As the saying goes, the only tool the U.S. has invested in is a hammer, so every problem looks like a nail. The U.S. response to every dispute with another country is an expensive new weapons system, another U.S. military intervention, a coup, a covert operation, a proxy war, tighter sanctions or some other form of coercion, all based on the supposed power of the U.S. to impose its will on other countries, but all increasingly ineffective, destructive and impossible to undo once unleashed.
This has led to war without end in Afghanistan and Iraq; it has left Haiti, Honduras and Ukraine destabilized and mired in poverty as the result of U.S.-backed coups; it has destroyed Libya, Syria and Yemen with covert and proxy wars and resulting humanitarian crises; and to U.S. sanctions that affect a third of humanity.
So the first question for the first meeting of Biden's foreign policy team should be whether they can sever their loyalties to the arms manufacturers, corporate-funded think tanks, lobbying and consultant firms, government contractors and corporations they have worked for or partnered with during their careers.
These conflicts of interest amount to a sickness at the roots of the most serious problems facing America and the world, and they will not be resolved without a clean break. Any member of Biden's team who cannot make that commitment and mean it should resign now, before they do any more damage.
Long before his farewell speech in 1961, Eisenhower made another speech, responding to the death of Joseph Stalin in 1953. He said, "Every gun that is made, every warship launched, every rocket fired signifies, in the final sense, a theft from those who hunger and are not fed, those who are cold and are not clothed. ... This is not a way of life at all, in any true sense. Under the cloud of threatening war, it is humanity hanging from a cross of iron."

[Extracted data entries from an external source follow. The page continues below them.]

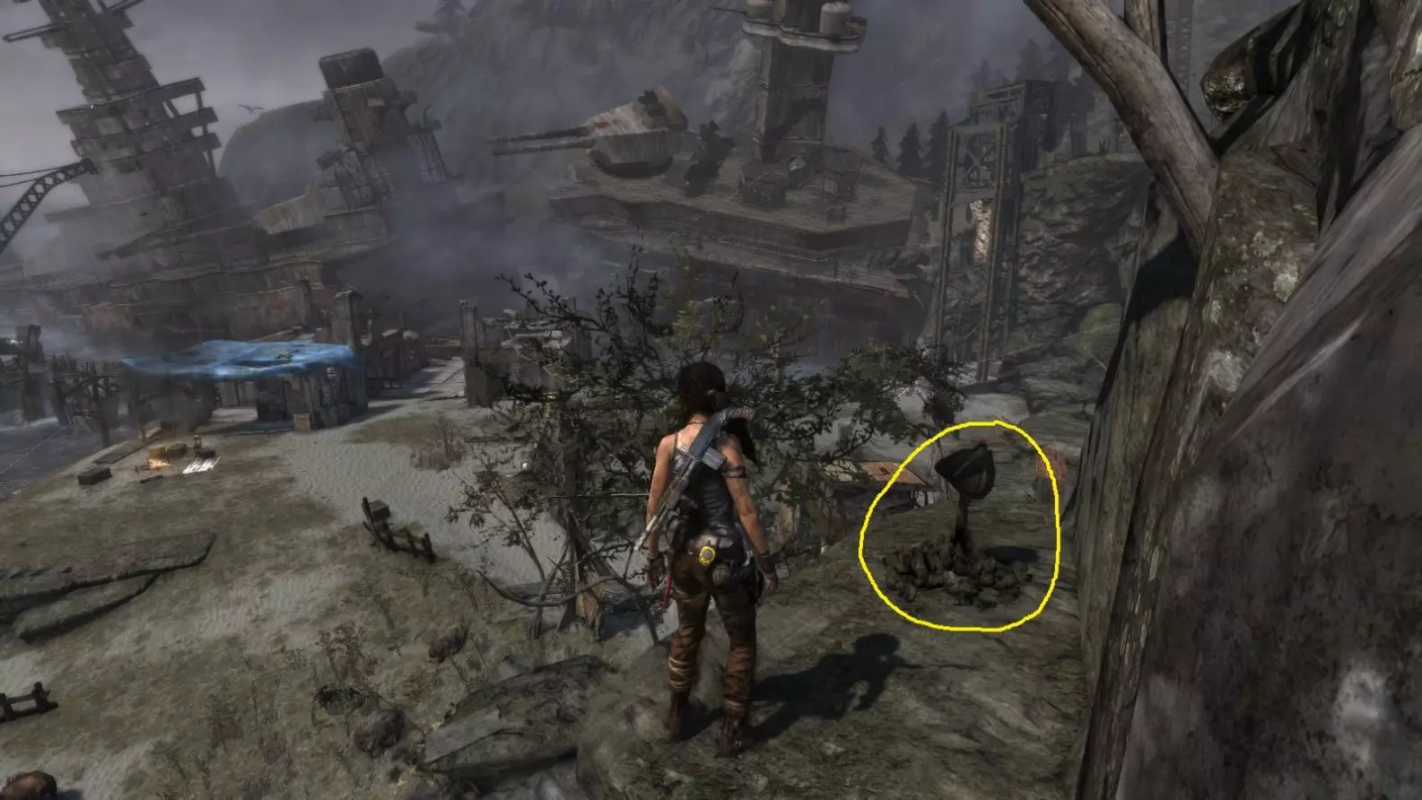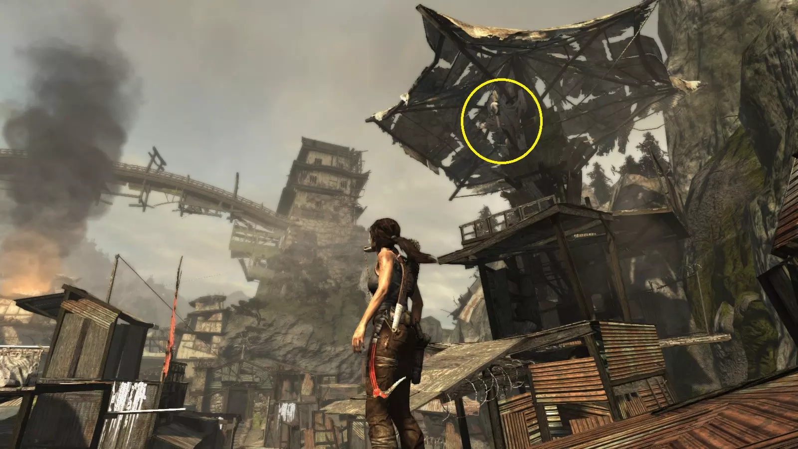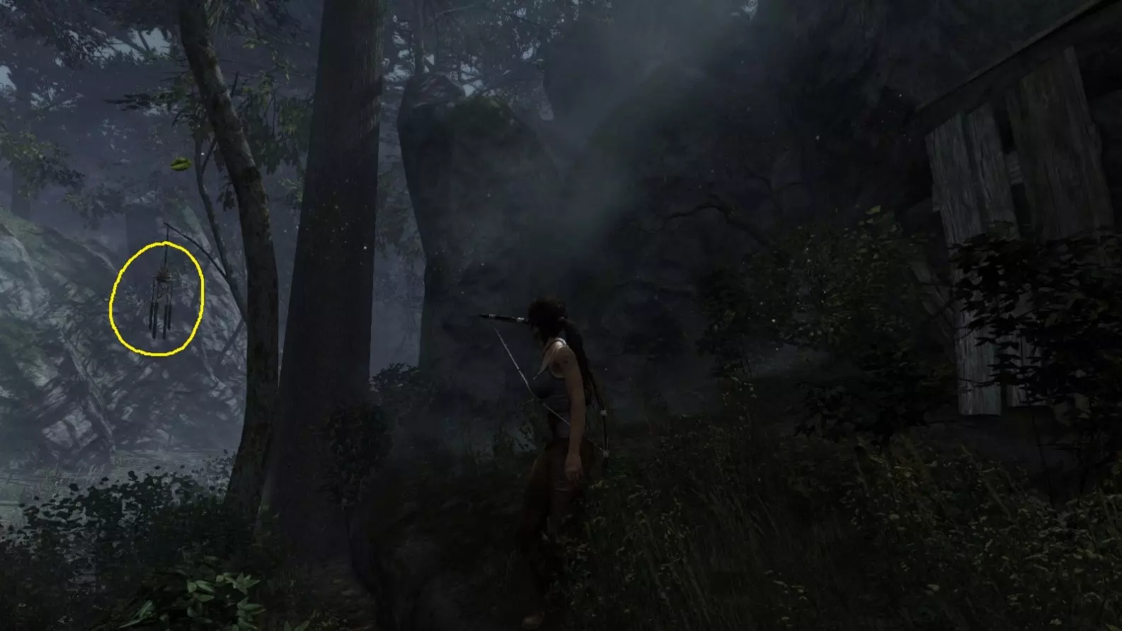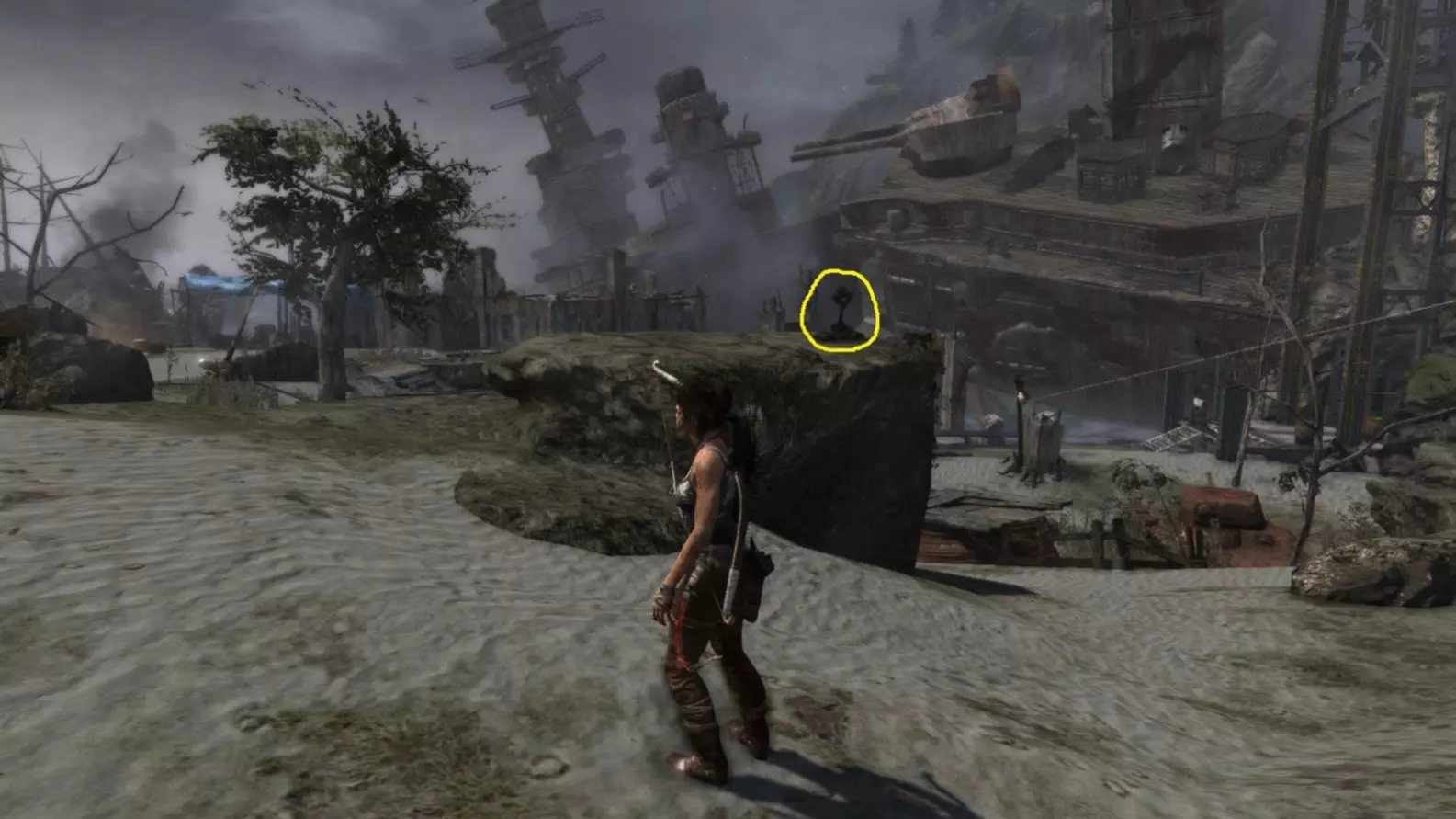 劳拉抵达雕像处,望向蓝烟飘来的方向。下一个目标:图片顶部(中央)的木质结构,那里狂风呼啸。 截图B - 光照7/10
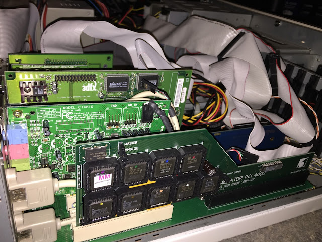 Below that is the Indivision AGA MK2 DVI out (for native Amiga output graphics), Audio/Video module card with RGB port (not used) native Amiga RCA audio out - which is fed back into the case to be mixed via AUX IN into the PCI sound card output. The PCI sound card has a DSP that can decode MP3's in hardware, meaning the 060 is not needed to playback MP3's! :-)
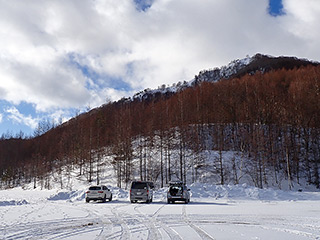 9時40分、エコーバレースキー場の一番上の駐車場に車を駐めました。現在は広く除雪されています。ここまでの道路は圧雪バーンでした。
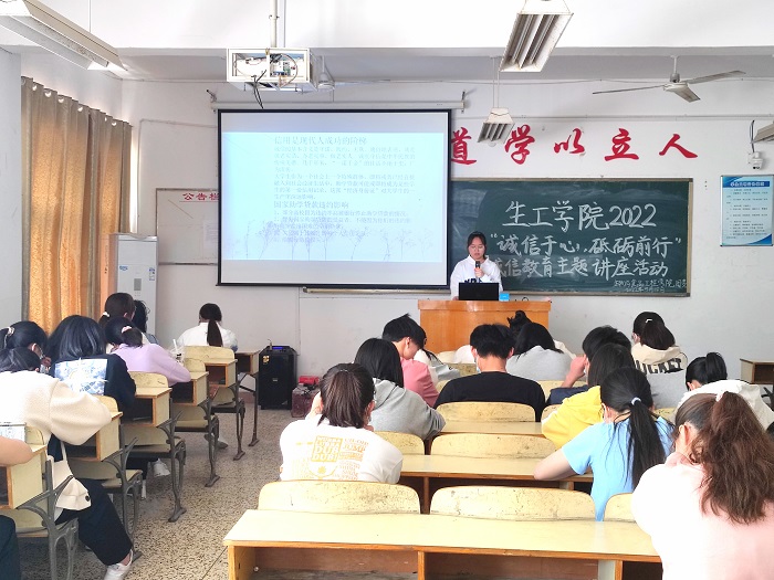 “诚信”作为我国的优良传统文化,是我们每个人都应该具备的品质,对我们新青年来说尤为重要。活动伊始,同学们有序进场,并将手机调制为静音或振动模式。活动过程中部门成员向同学们介绍助学贷款的相关知识和申请的相关程序,增强同学们的诚信意识。演讲内容深刻贯彻《中共中央、国务院关于进一步加强和改进大学生思想政治教育的意见》,并列举了一个个关于大学生申请助学贷款却没有及时还款遇见的问题。同学们仔细听讲,认真思考,并为演讲者的精彩发言送去阵阵掌声。活动结束,同学们与演讲者一同合影,留下了美好的记忆。
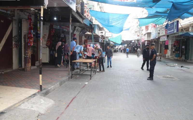 شرفت بلدية مخيم النصيرات وسط قطاع غزة بالتعاون مع شرطة البلديات بتنفيذ حملة تنظيم البسطات في شارع القسام.
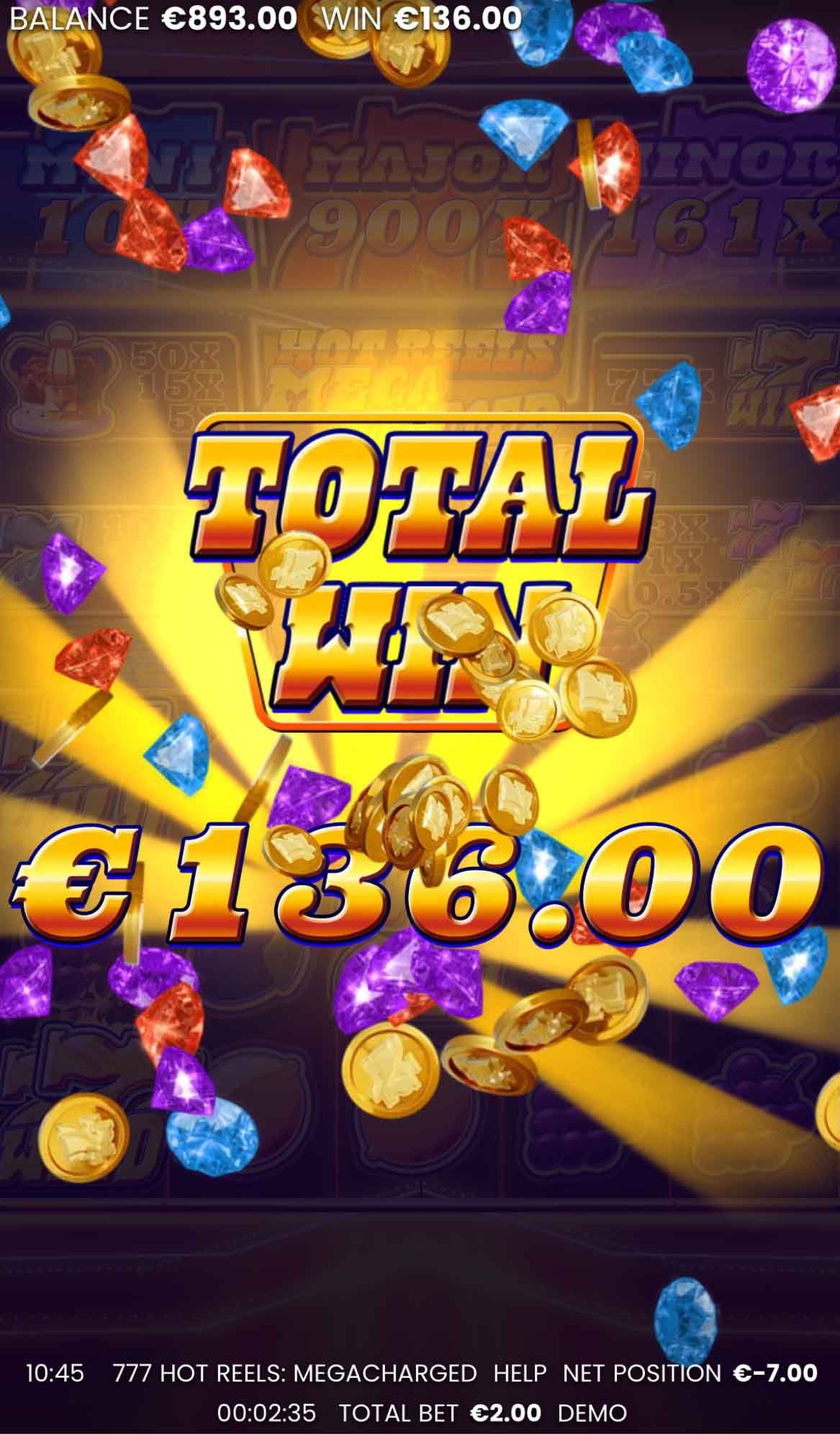 Minor Jackpot - 77x the stake, grows by 2x for each symbol made up of 2 7s, up to a maximum of 777x
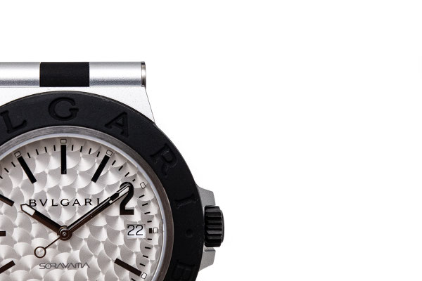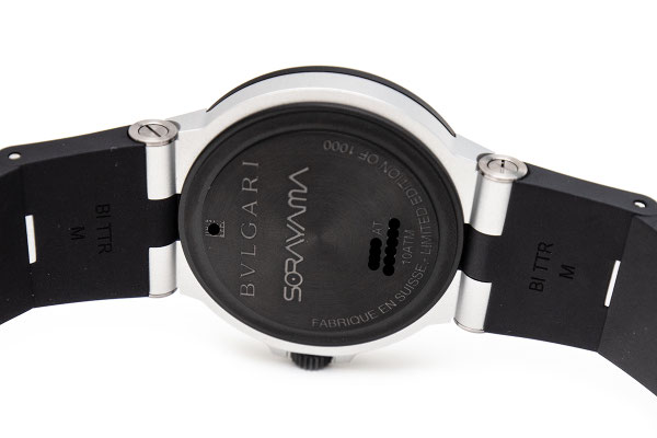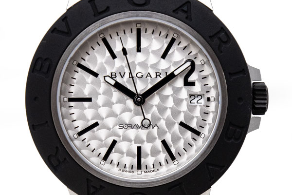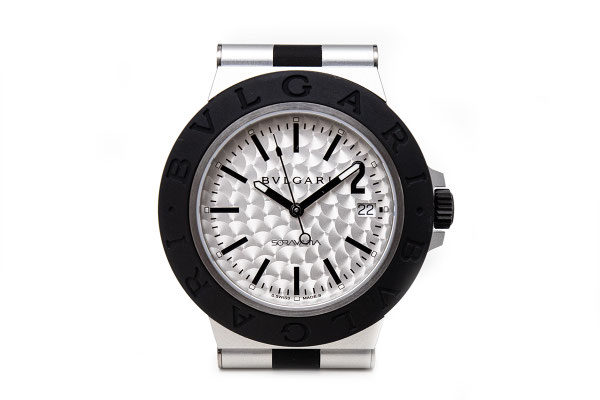 Remarques : Repoussant les limites des tendances et des époques, la Bulgari Aluminium redéfinit la notion de montre de sport. Pour cette édition spéciale limitée à 1000 pièces, Bulgari s'est associée à l'artiste japonais Hajime Sorayama qui réinterpréte de manière inédite le cadran de la montre avec une finition spécifique avec un chiffre 2 appliqué (chiffre porte-bonheur de l'artiste).
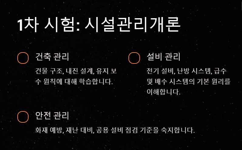 - 시설 유지 관리: 건축, 설비, 전기, 소방 등 다양한 시설의 점검과 유지 보수 절차를 이해해야 합니다.
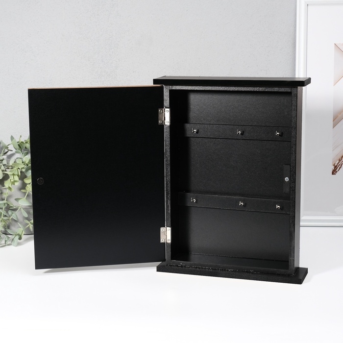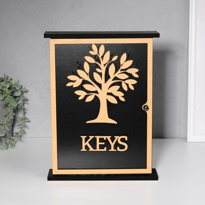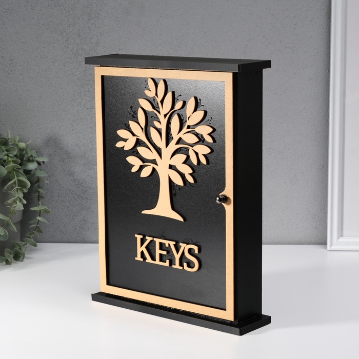 Ключница дерево "Дерево" чёрная, зеркальная 6х22,3х29,5 см
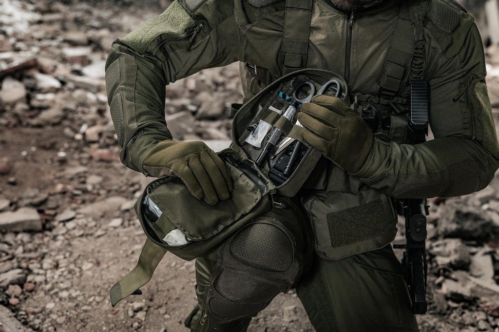Olive tactical trousers with a high waist, made from PoliCotton RipStop fabric (35% cotton, 65% polyester). This material is characterized by high resistance to abrasion and tearing and is lighter and dries faster than 100% cotton fabric. Knee protectors are made of EVA foam.
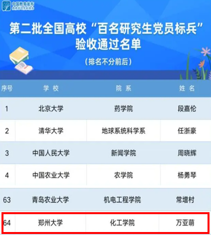化工學(xué)院黨委入選全國黨建工作標桿院系培育創(chuàng)建單位,學(xué)院榮獲2023年度河南省教育系統(tǒng)先進集體,化學(xué)工程與工藝系黨支部入選首批河南省高校樣板黨支部,制藥工程系黨支部和行政黨支部先后獲批河南省高校先進基層黨組織,博士生黨支部入選河南省黨建工作樣板支部,學(xué)生團支部獲評河南省五四紅旗團支部;學(xué)院師生先后榮獲河南省高等學(xué)校優(yōu)秀共產(chǎn)黨員、全國百名研究生黨員標兵、河南省教科文衛(wèi)體系統(tǒng)“工匠人才”、“師帶徒”標兵、“優(yōu)秀教師”、“出彩河南人”最美大學(xué)生、河南省百優(yōu)十佳“魅力團支書”等榮譽稱號。

In his first year in office, Eisenhower ended the Korean War and cut military spending by 39% from its wartime peak. Then he resisted pressures to raise it again, despite his failure to end the Cold War.
Today, the military-industrial complex is counting on a reversion to the Cold War against Russia and China as the key to its future power and profits, to keep us hanging from this rusty old cross of iron, squandering America's wealth on trillion-dollar weapons programs as people go hungry, millions of Americans have no health care and our climate becomes unlivable.
Are Joe Biden, Tony Blinken and Jake Sullivan the kind of leaders to just say no to the military-industrial complex Eisenhower warned us about, and consign this cross of iron to the junkyard of history where it belongs? We will soon find out.